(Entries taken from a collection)
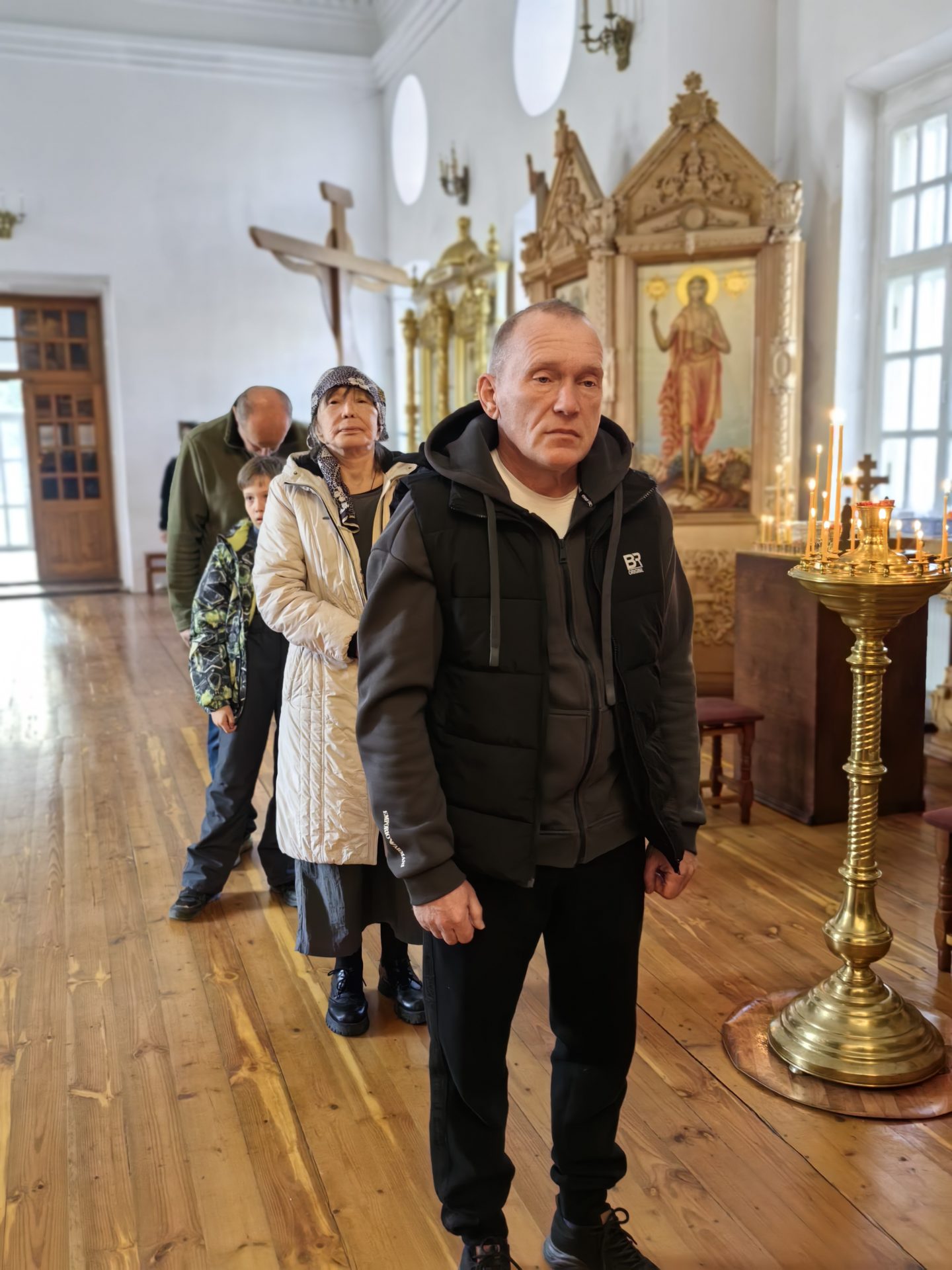 За богослужением молилась настоятельница обители монахиня Афанасия (Алексеева) с сестрами обители и паломники.
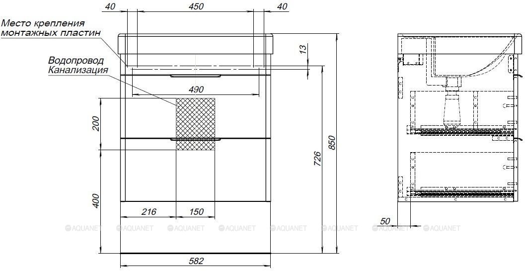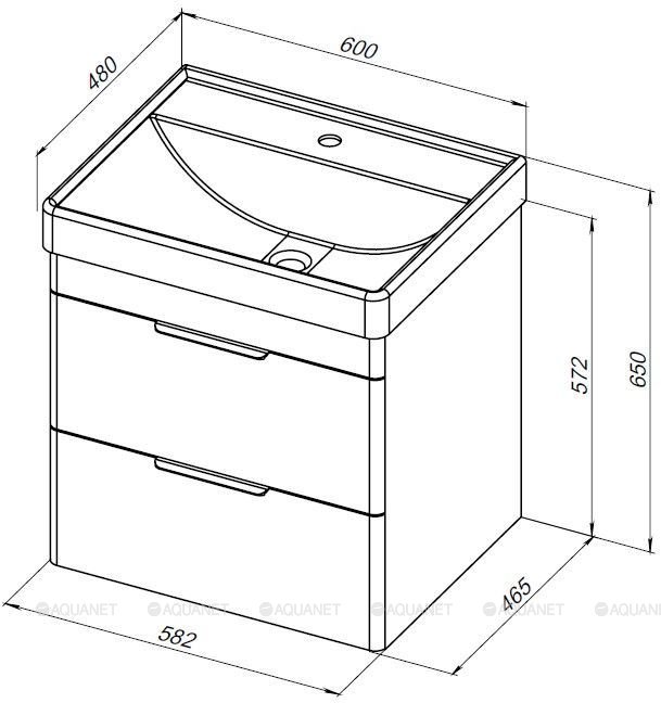 Тумба под раковину подвесная Aquanet Ирис NEW 60 см (2ящ) белый глянец 310144
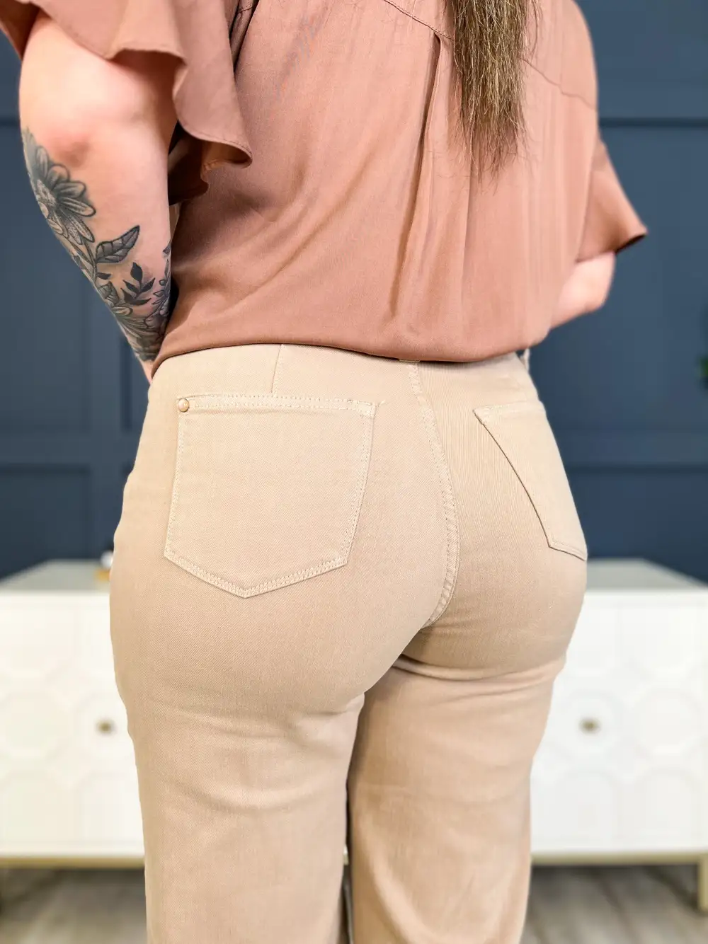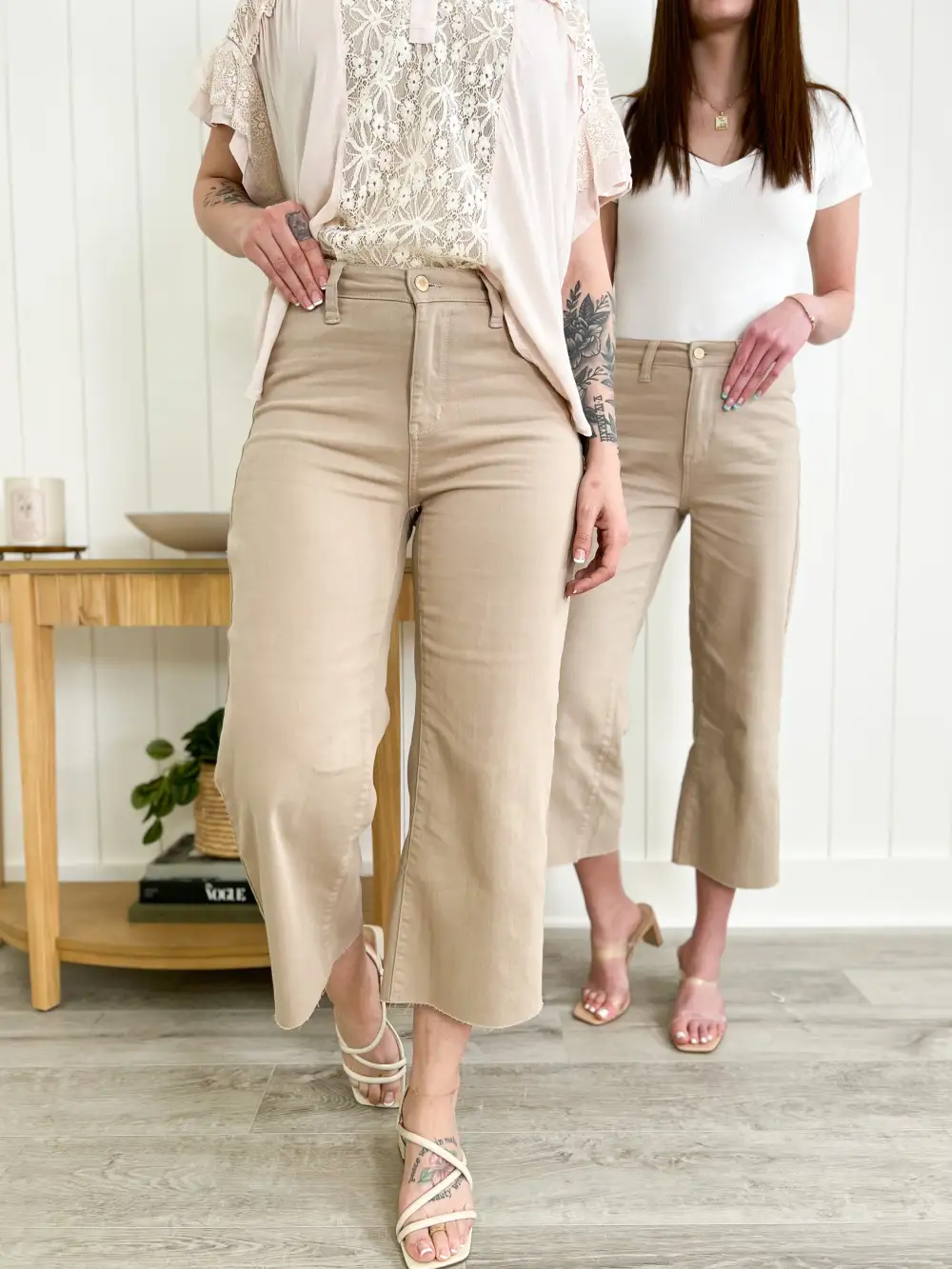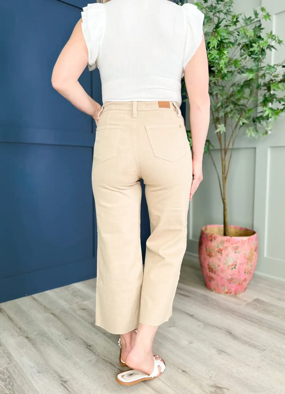 These wide leg khakis are an amazing neutral pair that you are going to get SO much wear out of! With a high waist and a cropped fit, they are so dang figure flattering! Add in that gorgeous non distressed garment dyed denim and they are the MUST have jean of the year!
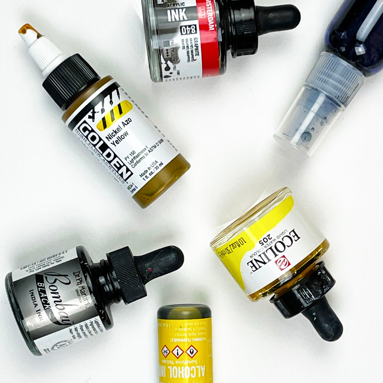 Inks come in many forms. Actually, all ink is just a little bit different. You can apply them in different ways, but it is important to know what the properties are.
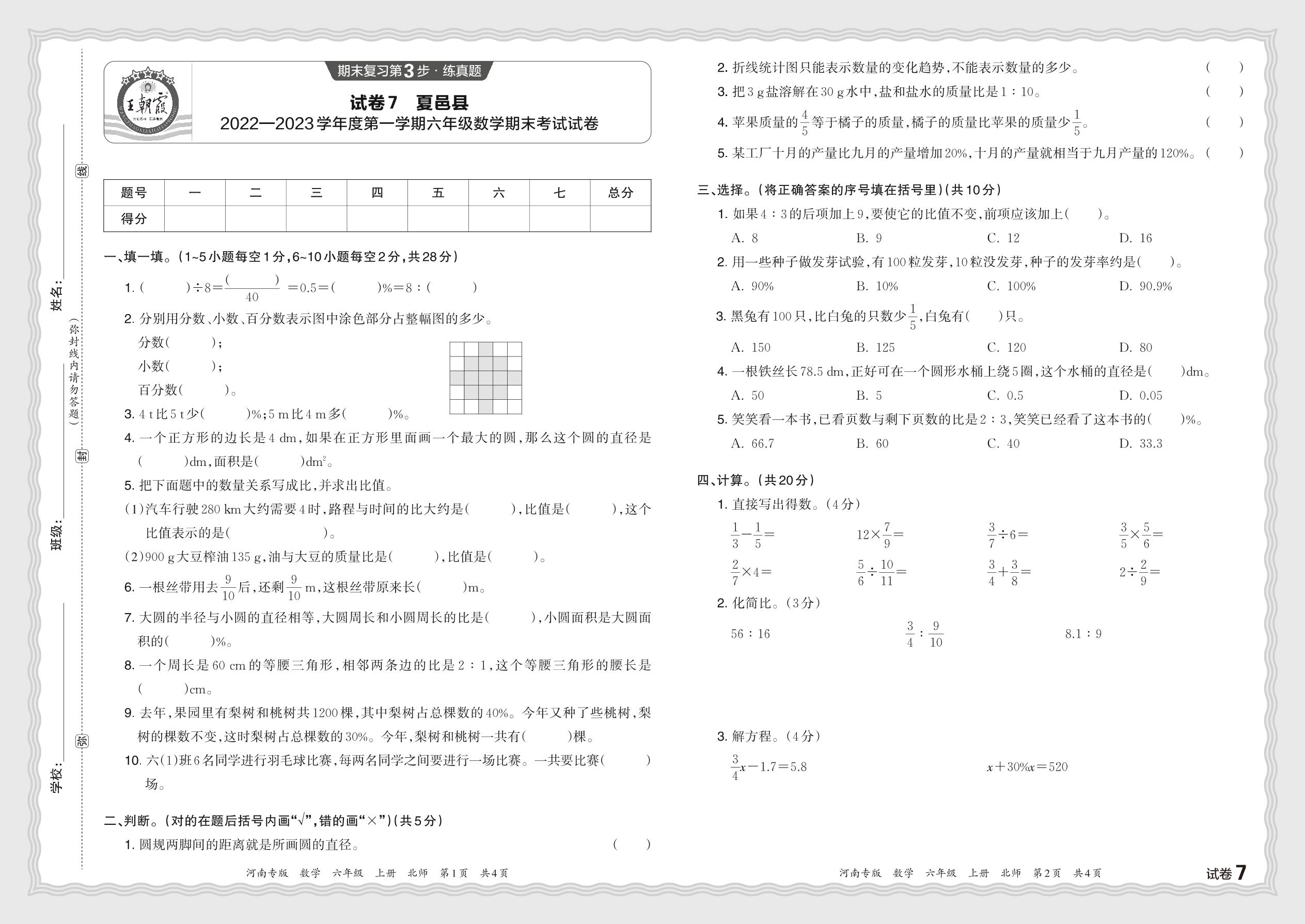 河南省商丘市夏邑县2022—2023学年度第一学期六年级数学期末考试试卷(北师版)【7】
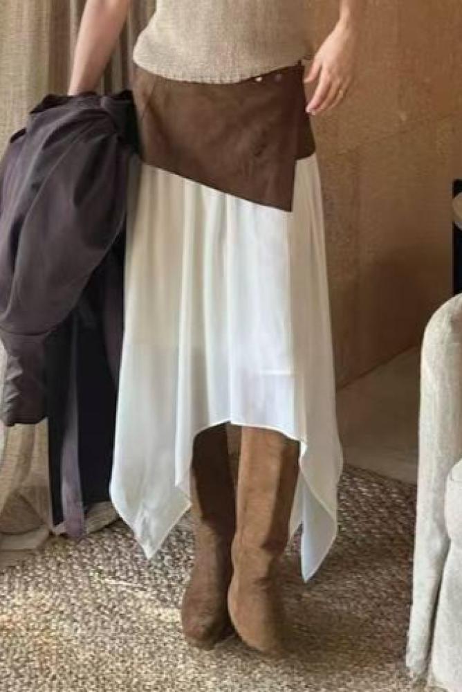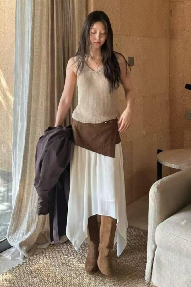 - التفاصيل: تصميم واسع مع أطوال مختلفة من الأسفل، مزينة بقطعة شمواه باللون البني الغامق عند الخصر.
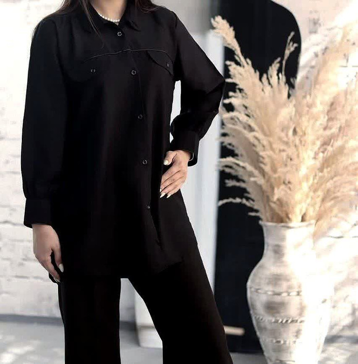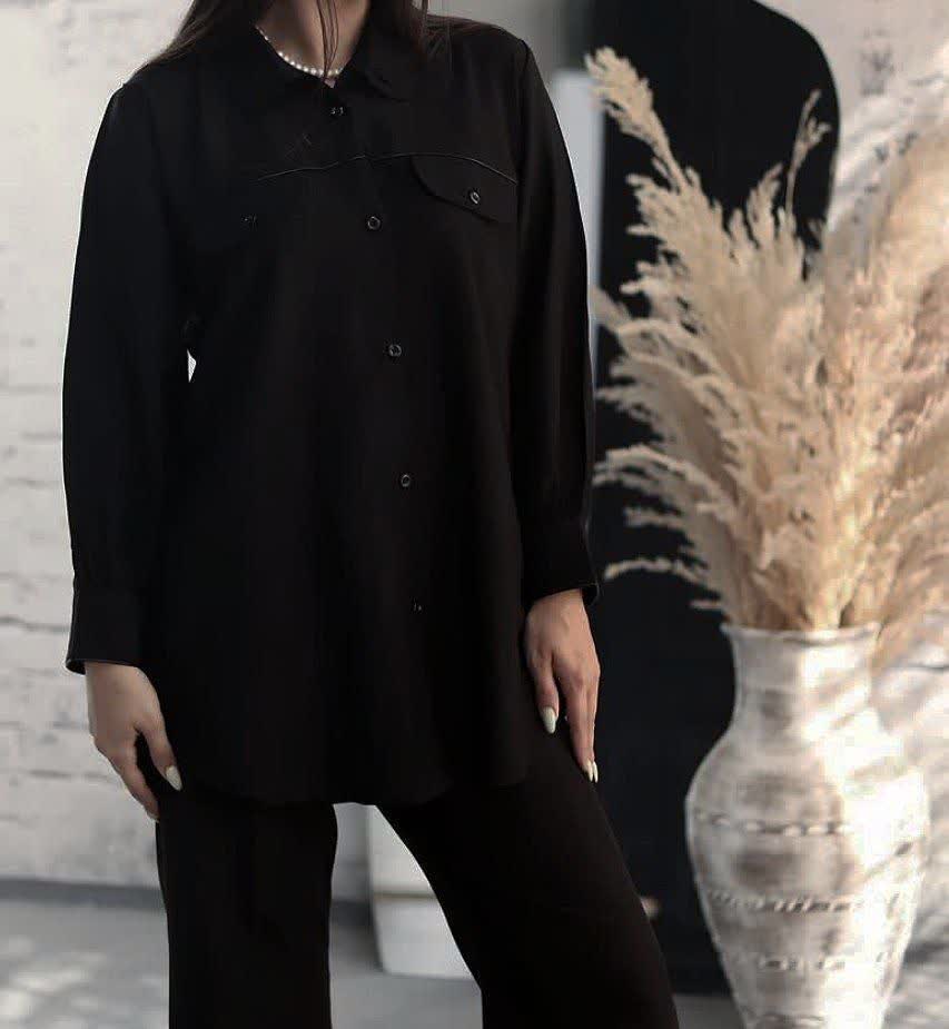 🔵 شومیز جیب نما آستین بلند (مچی دکمه خور) پیله دار،جلو و سر آستین قیطون دوزی شده،با تنخور ساده و شیک مناسب ایام محرم و صفر
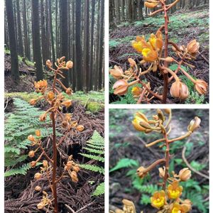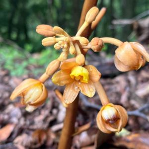久しぶりの低山ハイク🥾下りにて。 山道の脇に目立つ植物を発見👀✨落ち葉たっぷりの湿気た場所です。 全体的に茶系のその植物。内側の黄色いのがお花なんですね🌼という事は蕾の状態がたくさんなのかな。 実は赤く、ミニバナナのような形で特徴的なようです。 ツチアケビと教えていただきました🌿 ・ラン科! ・葉はなく、葉緑素を持たない腐生植物 2023.7.16 東山 兵庫県宍粟市
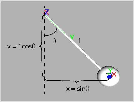 The ball's y position is defined as the negative cosine of the swing angle between the rope and centre axis, multiplied by the length of the rope. This expression is formed similarly to that of the ball_axis.position.x channel. The rope rotates such that its Y-axis is always pointing toward the centre of the ball. The lookat function is used to generate the rotation vector.
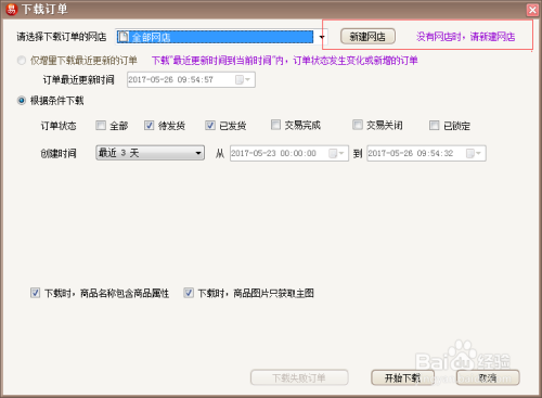 转到下载订单页面,在下载之前要先配置好店铺。点击新建网店。
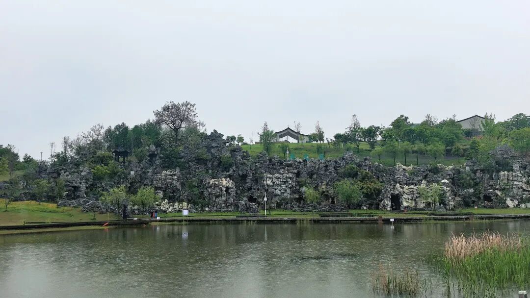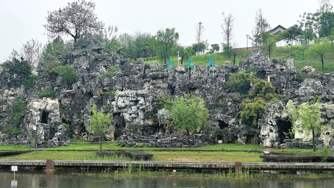 从假山上下来,就到了浅湖边,湖边有木栈道,可以近观湖景,应该是亲水平台,沿着木栈道,走到浅湖对岸的绿道景观桥上回看,假山上挂了几个大字,月之灵。

▸ **TASK BRIEF**:
Return exactly the lines from the one with "转到下载订单页面,在下载之前要先配置好店铺。点击新建网店。" through the last line of the entries above, both ends included. No pictures may appear in the copy.

▸ **TASK ANSWER**:
 转到下载订单页面,在下载之前要先配置好店铺。点击新建网店。
 从假山上下来,就到了浅湖边,湖边有木栈道,可以近观湖景,应该是亲水平台,沿着木栈道,走到浅湖对岸的绿道景观桥上回看,假山上挂了几个大字,月之灵。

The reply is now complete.